• Task directions: With the pictures left out, retype exactly the lines below starting at the line that contains "Thursday’s drop in" and ending at the line that contains "- TODO 기록 화면 만들기 (이전 할일 기록 리스트, 카테고리 별 리스트)".

• Exercise data:
§ §

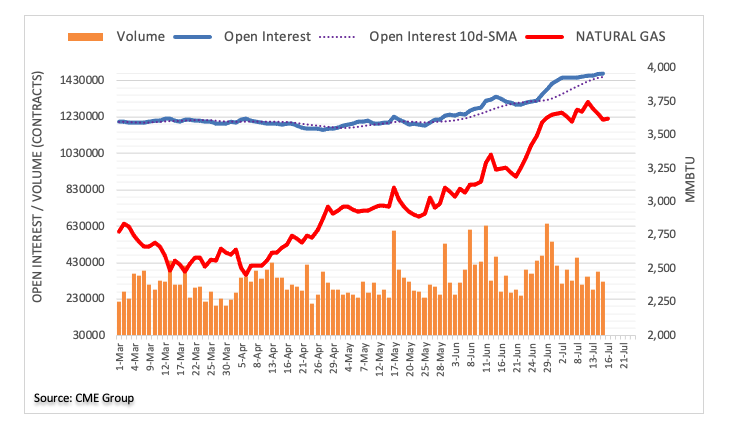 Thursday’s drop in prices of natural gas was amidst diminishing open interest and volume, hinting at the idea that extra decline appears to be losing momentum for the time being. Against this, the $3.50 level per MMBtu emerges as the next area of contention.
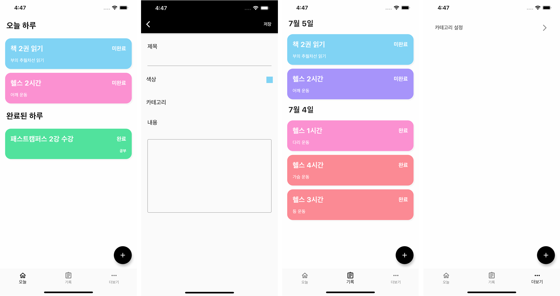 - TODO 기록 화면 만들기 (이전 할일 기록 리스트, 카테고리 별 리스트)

§ §

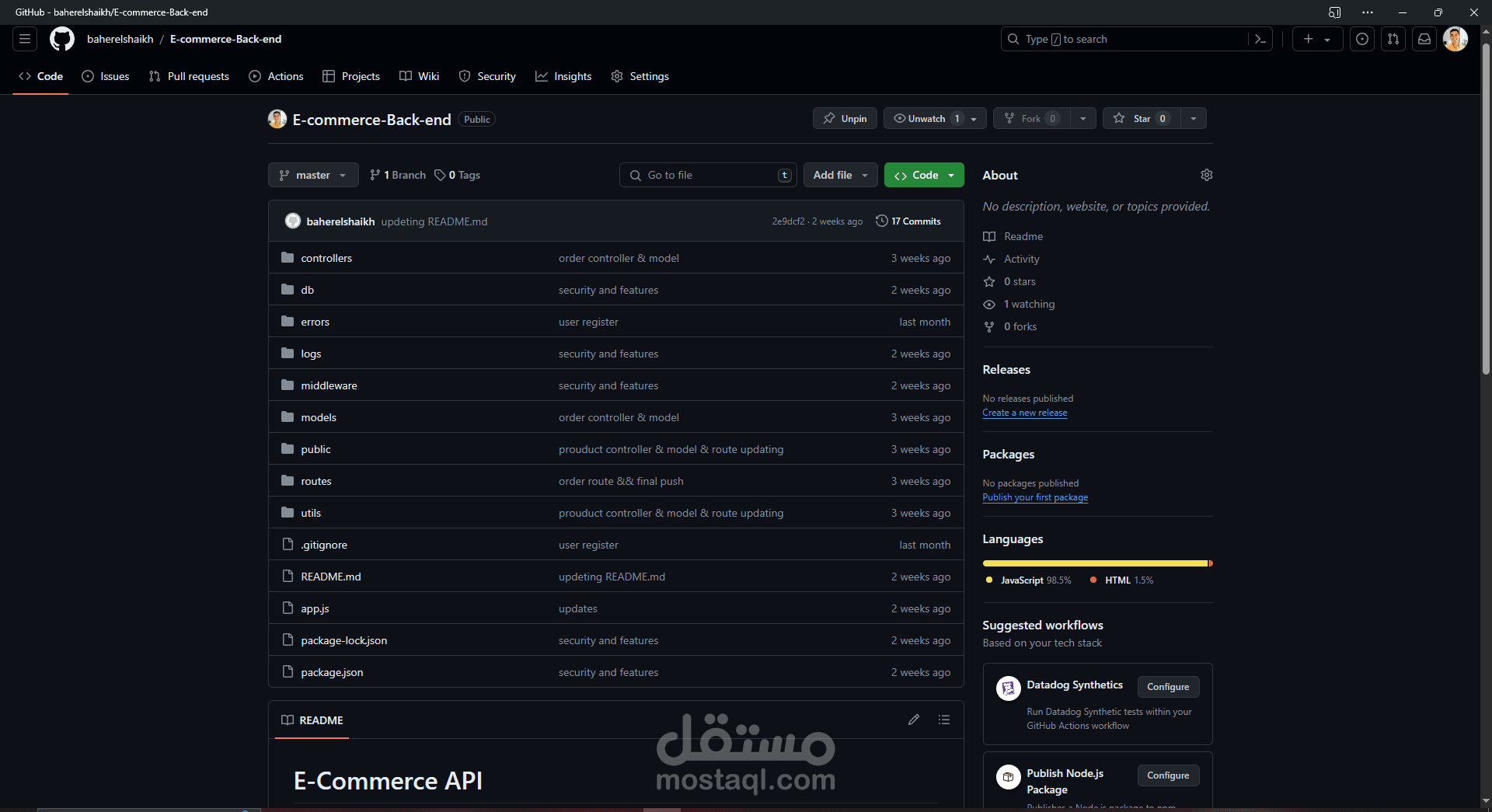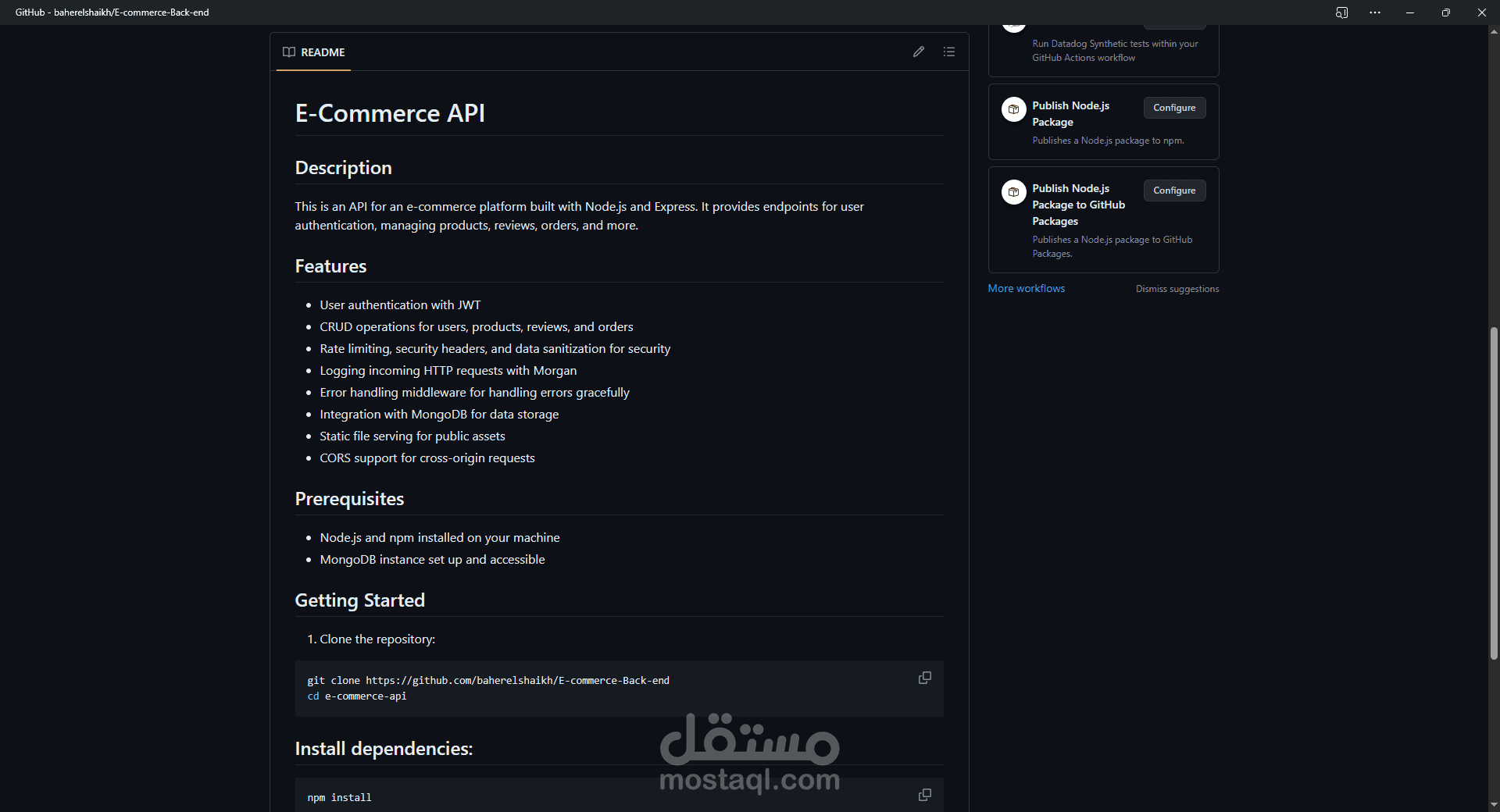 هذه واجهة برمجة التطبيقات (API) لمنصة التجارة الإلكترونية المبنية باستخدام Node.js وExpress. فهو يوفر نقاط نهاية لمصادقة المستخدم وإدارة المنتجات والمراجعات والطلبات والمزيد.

§ §

• Task response:
 Thursday’s drop in prices of natural gas was amidst diminishing open interest and volume, hinting at the idea that extra decline appears to be losing momentum for the time being. Against this, the $3.50 level per MMBtu emerges as the next area of contention.
 - TODO 기록 화면 만들기 (이전 할일 기록 리스트, 카테고리 별 리스트)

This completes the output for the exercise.